A recent decision from the United States District Court for the Eastern District of Tennessee reaffirms the rule that police officers cannot be held liable for failing to stop or arrest a drunk driver. In Harris v. City of Knoxville, a pedestrian brought suit against Knoxville and two police officers individually after he was seriously injured by a drunk driver. As it turned out, the drunk driver had been stopped only a short time before he struck the pedestrian by a suspicious police officer. After investigating, however, the officer determined that while the passenger of the vehicle may have been intoxicated, it did not appear that the driver was drunk or driving under the influence of drugs. No field sobriety test was administered.
The injured pedestrian plaintiff’s suit alleged several claims against the officers and the City, but the case turned on whether the failure to stop the drunk driver was a deprivation of the injured plaintiff’s due process rights. This appears to have been a creative attempt by the plaintiff to recover damages for his injuries, but well-established case law should have foreshadowed the outcome. In particular, the U.S. Supreme Court’s decision in DeShaney v. Winnebago County which held “a State’s failure to protect an individual against private violence simply does not constitute a violation of the Due Process Clause.” The District Court set out the test for determining whether an individual could sue as an exception to the general rule in DeShaney. In order to bring a claim under the “state created danger” exception, a plaintiff must show: (1) an affirmative act by the state that either created or increased the risk that the plaintiff would be exposed to an act of violence by a third party; (2) a special danger to the plaintiff wherein the state’s actions placed the plaintiff specifically at risk, as distinguished from a risk that affects the public at large; and (3) the state knew or should have known that its actions specifically endangered the plaintiff. Under this test, it seems fairly clear that a police officer cannot be held responsible for failing to arrest a drunk driver. First, under such a circumstance the officer does not “create” or “increase” any risk. And, second, letting a drunk driver continue driving does not specifically endanger any individual, but rather poses a risk (at most) to the general public. And this is exactly what the District Court held.
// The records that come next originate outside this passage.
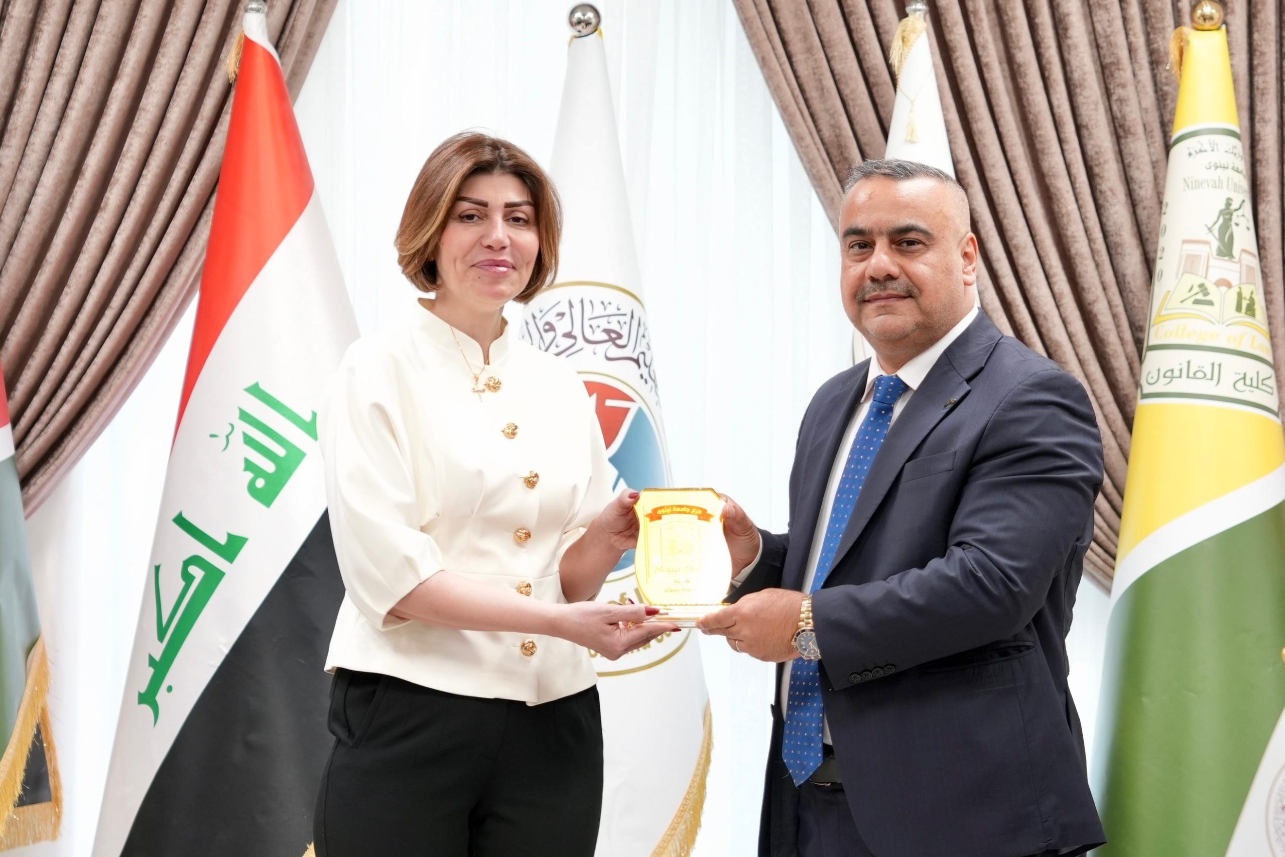 وفي ختام مراسم التوقيع، قدّم رئيس الجامعة درع جامعة نينوى إلى معالي الوزيرة، تعبيرًا عن التقدير والتعاون المشترك، وتم التأكيد على وضع خطة تنفيذية مشتركة لمتابعة بنود المذكرة وتحويلها إلى برامج عملية على أرض الواقع.
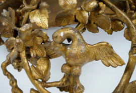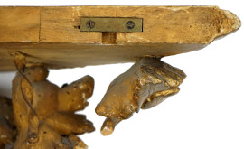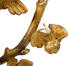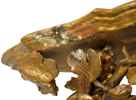 Mensola in legno dorato, XVIII-XIX secolo, piano sagomato sorretto da intaglio a ramages con aquila ed acini d'uva, cm 47x56x25, (difetti e restauri)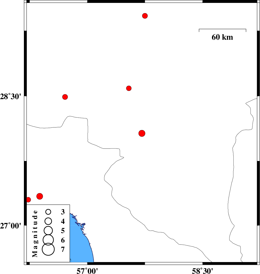 | 2012/08/11 | 11:14:21.7 | 15:44:21.7 | 28.07 | 57.71 | 30 | ML:3.8 | Kerman Province, 14 km North of Kahnuj | ||

Indeed, given the relative ease in which the District Court dismissed this case, it seems somewhat surprising that it was even brought in the first place. If the attorney for the plaintiff had done more than a cursory review of the law, it would have been hard to conclude that the case would be held viable by the District Court. While a plaintiff injured through no fault of his own certainly deserves compensation, that doesn’t necessarily mean a case should always be brought. Here, it seems likely that the responsible driver didn’t have car insurance or didn’t have sufficient car insurance, and that the plaintiff also didn’t have uninsured (UM) motorist coverage. As a result, the plaintiff tried to hold a third party (the police) responsible for the injuries caused by the drunk driver. The result of the case, though, makes clear that even if the police behave negligently in letting a drunk driver continue driving, neither the police officers nor their employer can be held liable for any resulting injuries.